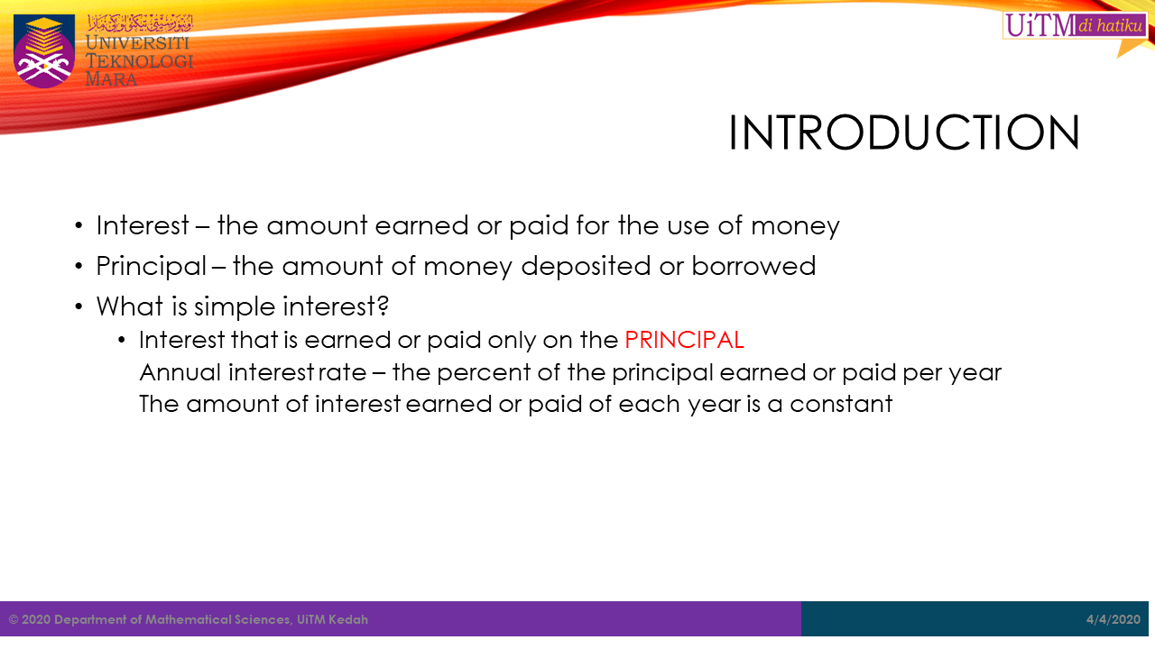 Simple interest is the interest due at the end of a term. In simple interest transaction, only the principal (original value) will earn the interest. The principal can be the amount of money deposited in an account or the amount of money borrowed.
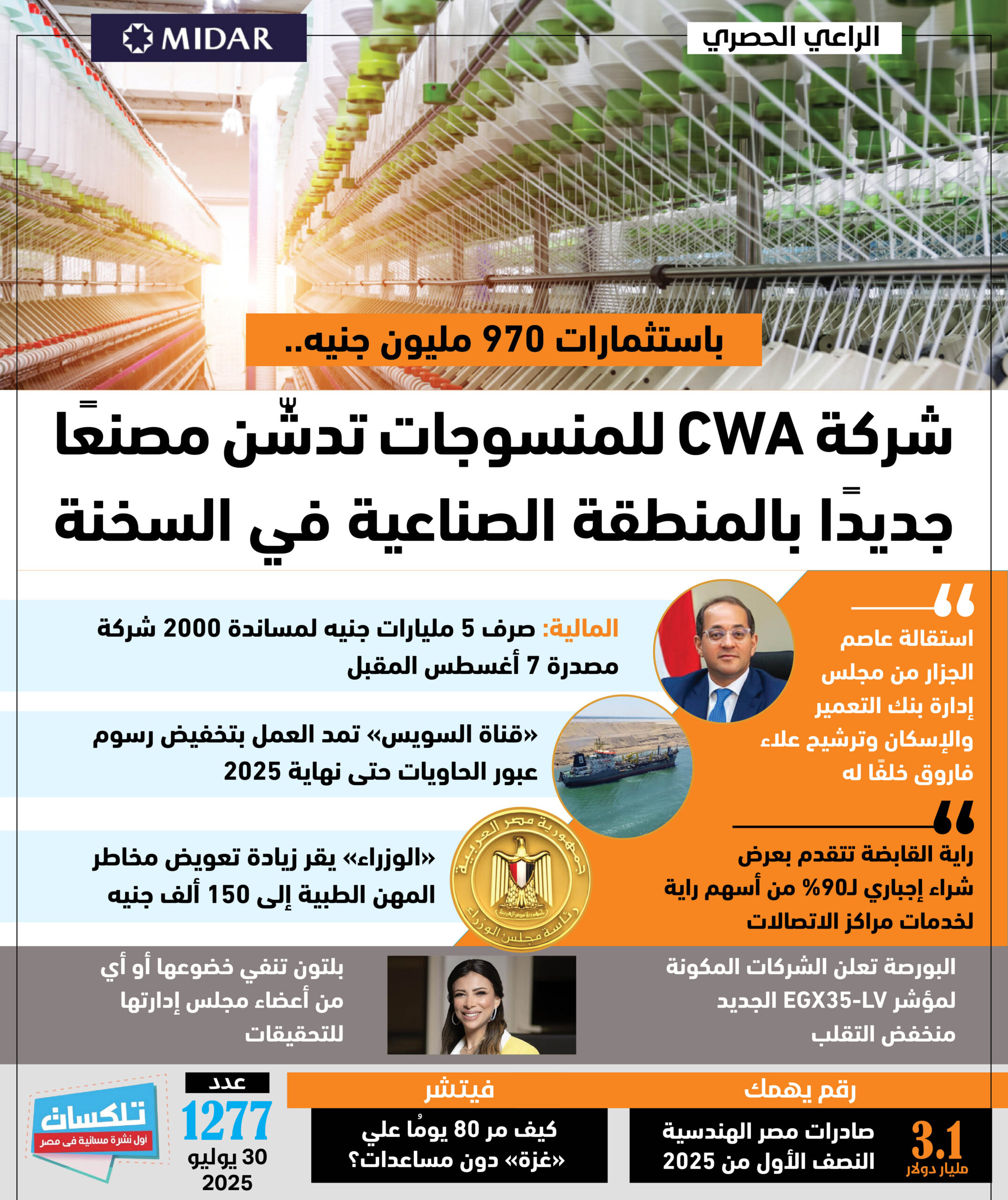 أول نشرة إخبارية مسائية فى مصر تطلقها جريدة الاستثمار العربى تأتيكم قبل العاشرة يوميا من الأحد إلى الخميس
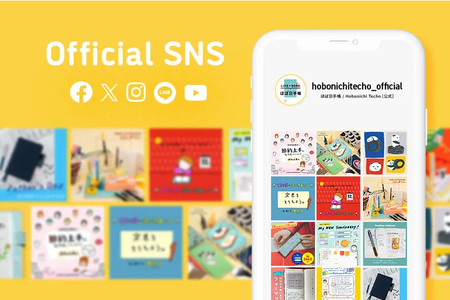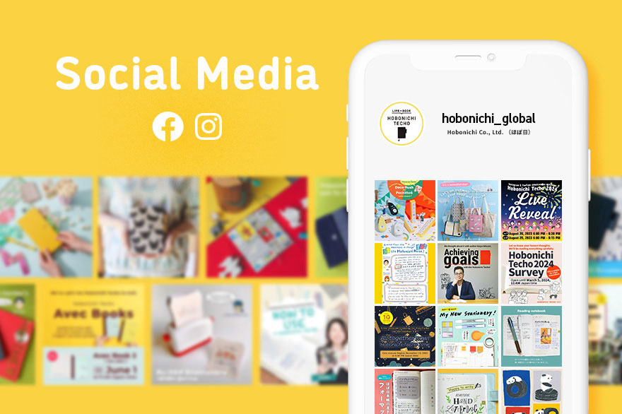 We post updates on Instagram, YouTube, and Facebook to share usage examples for the Hobonichi Techo, our recommendations for accessories and stationery, information about new products, and other ways to enjoy the techo.
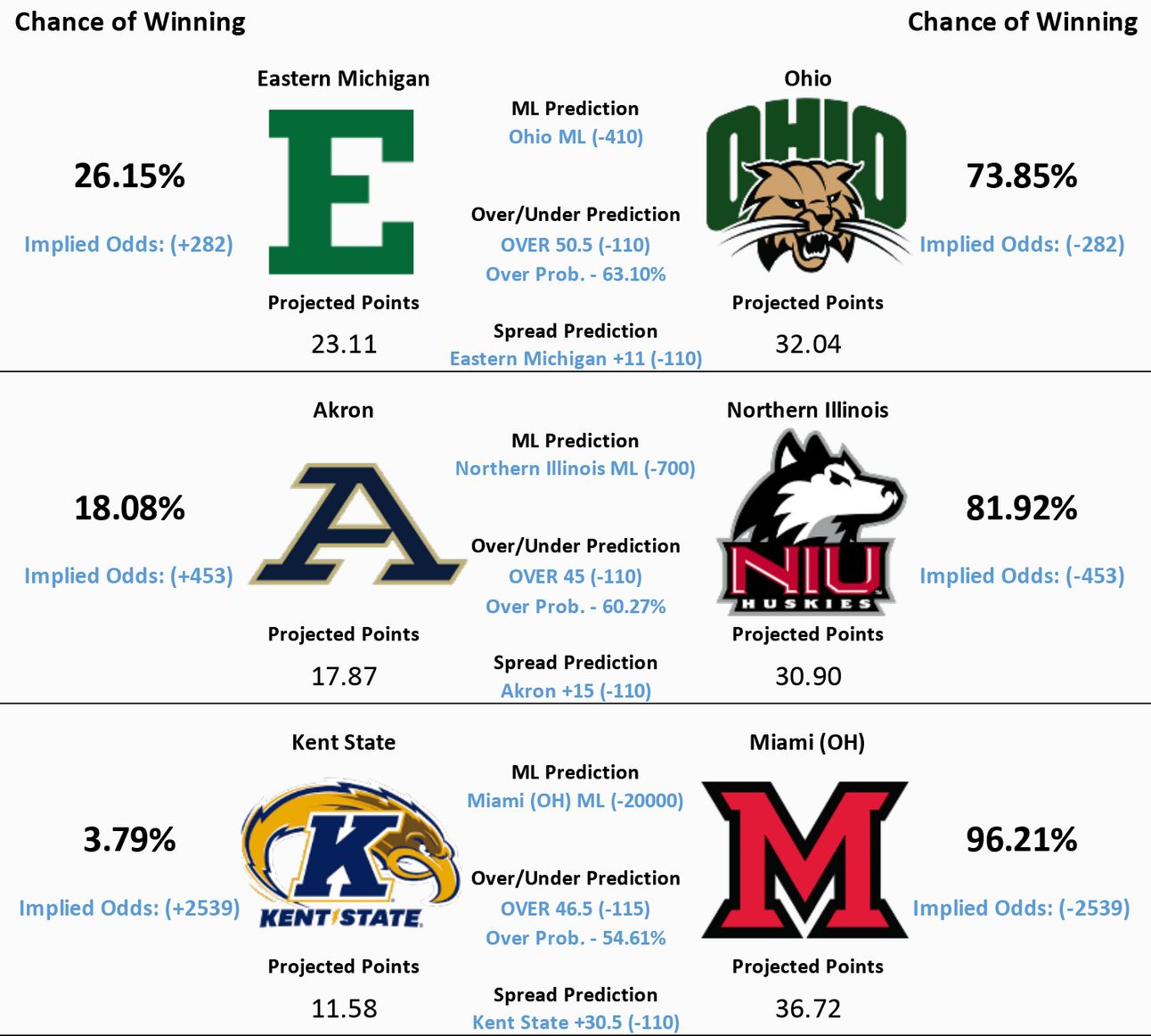 NCAAF Model Predictions🏈
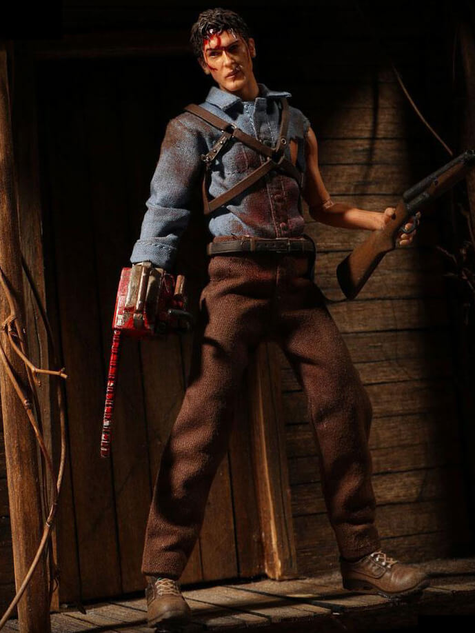 The One:12 Collective Ash figure boasts three head portraits with star, Bruce Campbell's likeness. Authentically presented in his classic ripped blue button-down shirt and brown slacks, Ash sports a meticulously designed shotgun harness. Equipped with his trademark chainsaw hand (groovy!), a sawed-off shotgun, and the Necronomicon (AKA: The Book of the Dead), this figure also includes Ash's severed demonic hand and a decapitated Deadite head.
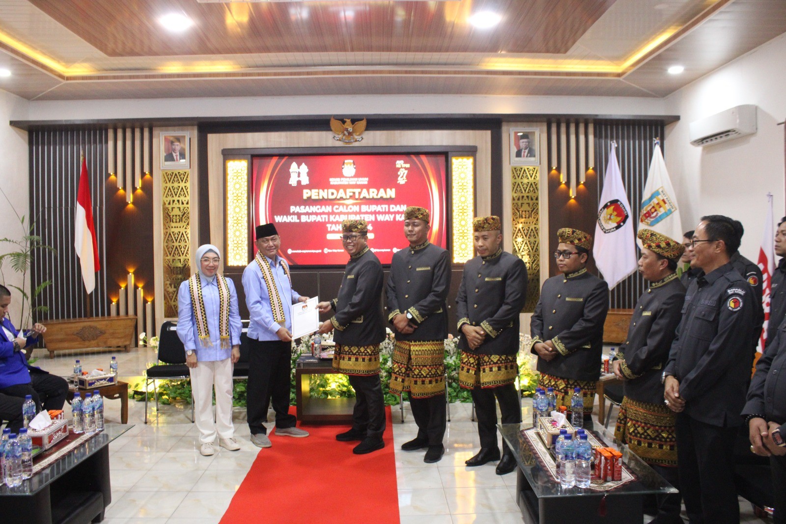 Pasangan yang diusung oleh koalisi 12 partai Politik yaitu ; 6 Partai sebagai pengusul PKB,Gerindra,PKS,PAN,Demokrat dan Perindo sedangkan 6 Partai sebagai pendukung yaitu , Hanura,Garuda,PBB,PSI, PPP dan Ummat ini tiba di kantor KPU Way Kanan sekitar pukul 13.43 WIB.
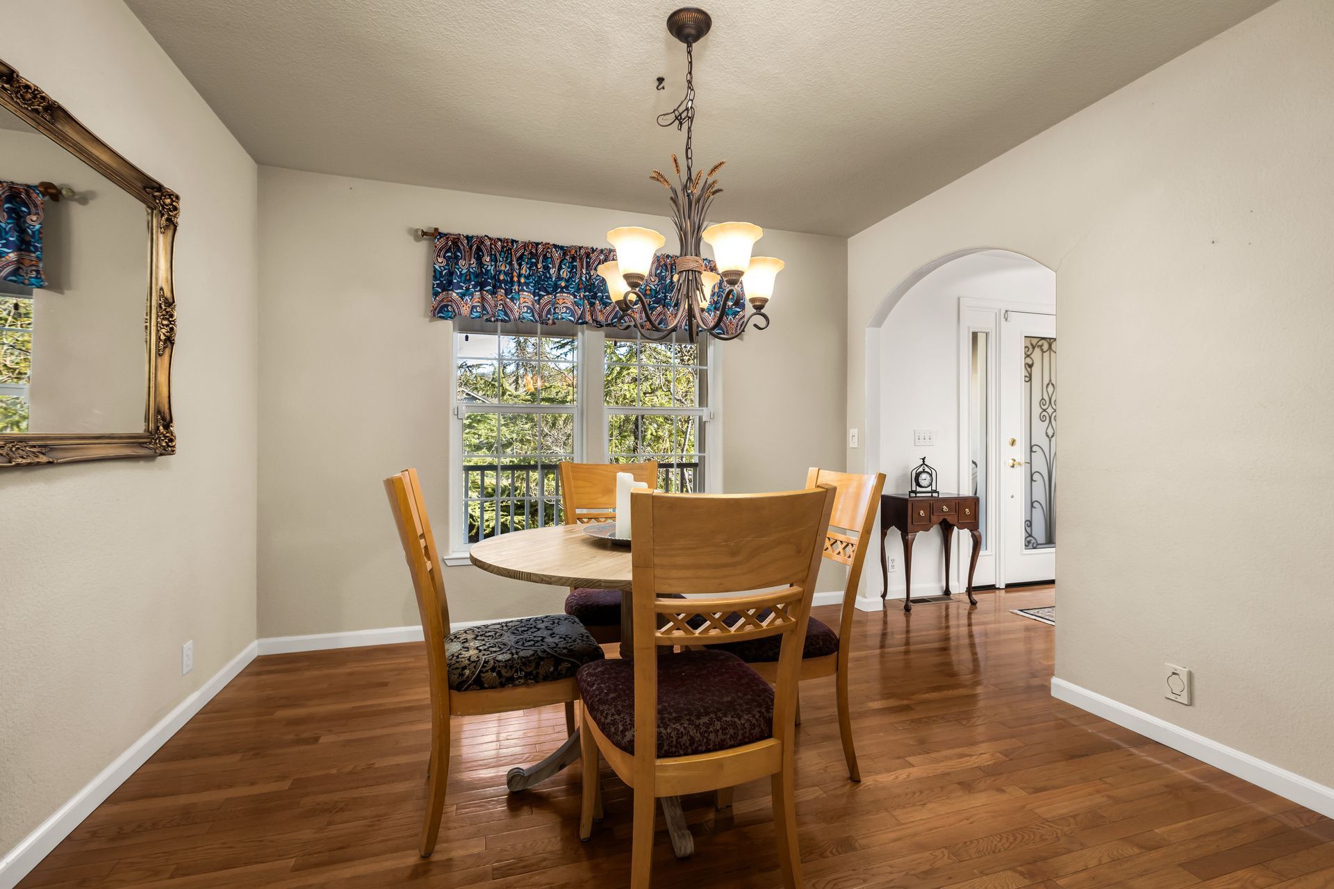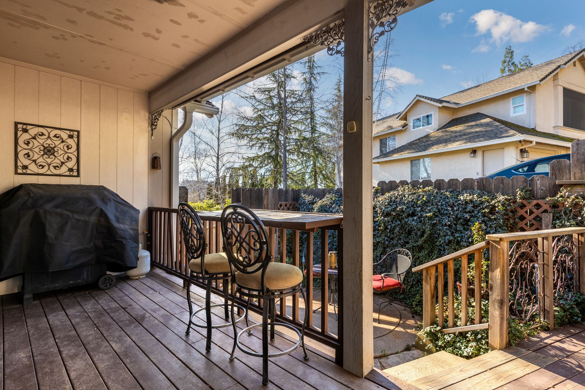 - Dining Nook and Outdoor Dining: Unique silver ceiling and copper pendant light. A back door leads to a covered deck and sitting area with a CableShade canopy, enclosed by an ivy-lined fence with a gated entry to separate the side and back yards.

* * *

[Exercise brief]
Copy exactly the lines of the listing above between the one holding "We post updates" and the one holding "The One:12 Collective", inclusive; omit all pictures.

[Written answer]
 We post updates on Instagram, YouTube, and Facebook to share usage examples for the Hobonichi Techo, our recommendations for accessories and stationery, information about new products, and other ways to enjoy the techo.
 NCAAF Model Predictions🏈
 The One:12 Collective Ash figure boasts three head portraits with star, Bruce Campbell's likeness. Authentically presented in his classic ripped blue button-down shirt and brown slacks, Ash sports a meticulously designed shotgun harness. Equipped with his trademark chainsaw hand (groovy!), a sawed-off shotgun, and the Necronomicon (AKA: The Book of the Dead), this figure also includes Ash's severed demonic hand and a decapitated Deadite head.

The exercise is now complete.